Top of TASK DATA

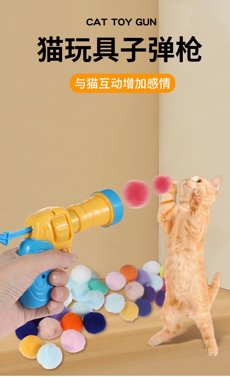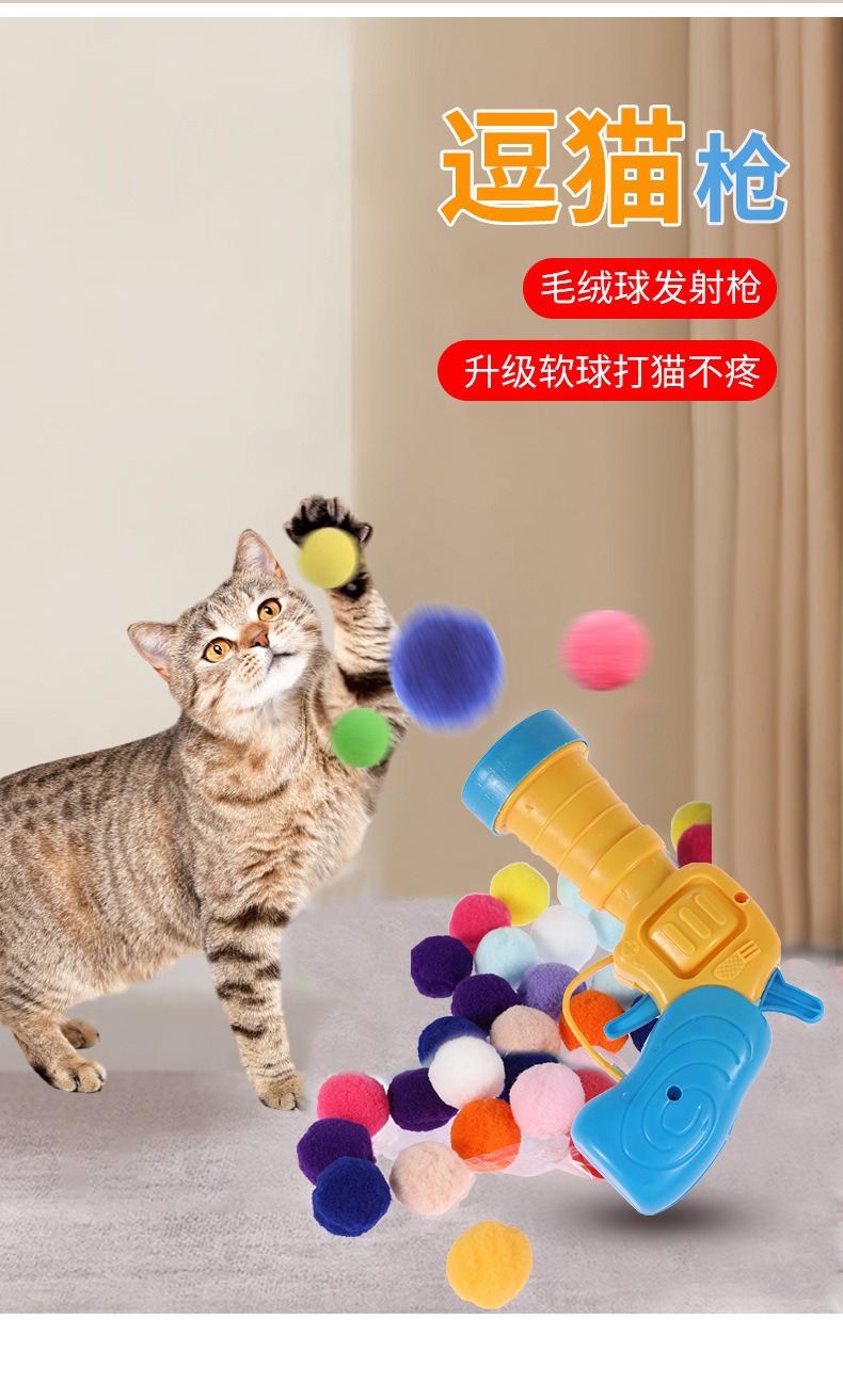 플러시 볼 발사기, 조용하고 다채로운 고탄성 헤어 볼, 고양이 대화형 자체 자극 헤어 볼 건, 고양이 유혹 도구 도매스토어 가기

Bottom of TASK DATA
Top of TASK DATA

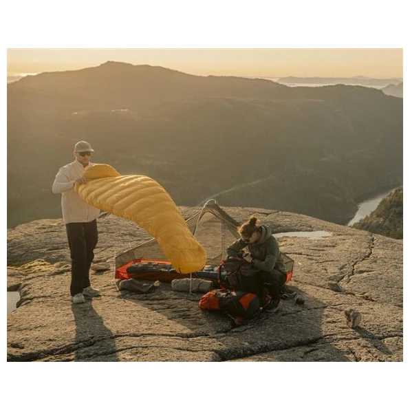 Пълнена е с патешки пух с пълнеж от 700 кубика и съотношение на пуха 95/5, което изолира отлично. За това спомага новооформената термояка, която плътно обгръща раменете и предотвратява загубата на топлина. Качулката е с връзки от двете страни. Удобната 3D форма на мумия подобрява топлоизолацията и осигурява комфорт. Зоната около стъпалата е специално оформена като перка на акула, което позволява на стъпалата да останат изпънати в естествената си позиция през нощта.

Bottom of TASK DATA
Top of TASK DATA

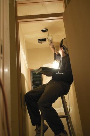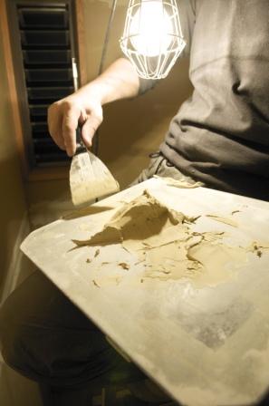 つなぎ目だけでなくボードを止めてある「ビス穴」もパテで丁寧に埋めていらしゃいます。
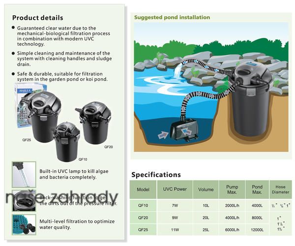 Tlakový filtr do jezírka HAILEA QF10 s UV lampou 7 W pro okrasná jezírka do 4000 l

Bottom of TASK DATA

**TRY IT**
An exact transcription is needed of the lines from the one with "つなぎ目だけでなくボードを止" to the one with "Tlakový filtr do" above, both ends included, with pictures left out.

**RESPONSE AREA**
 つなぎ目だけでなくボードを止めてある「ビス穴」もパテで丁寧に埋めていらしゃいます。
 Tlakový filtr do jezírka HAILEA QF10 s UV lampou 7 W pro okrasná jezírka do 4000 l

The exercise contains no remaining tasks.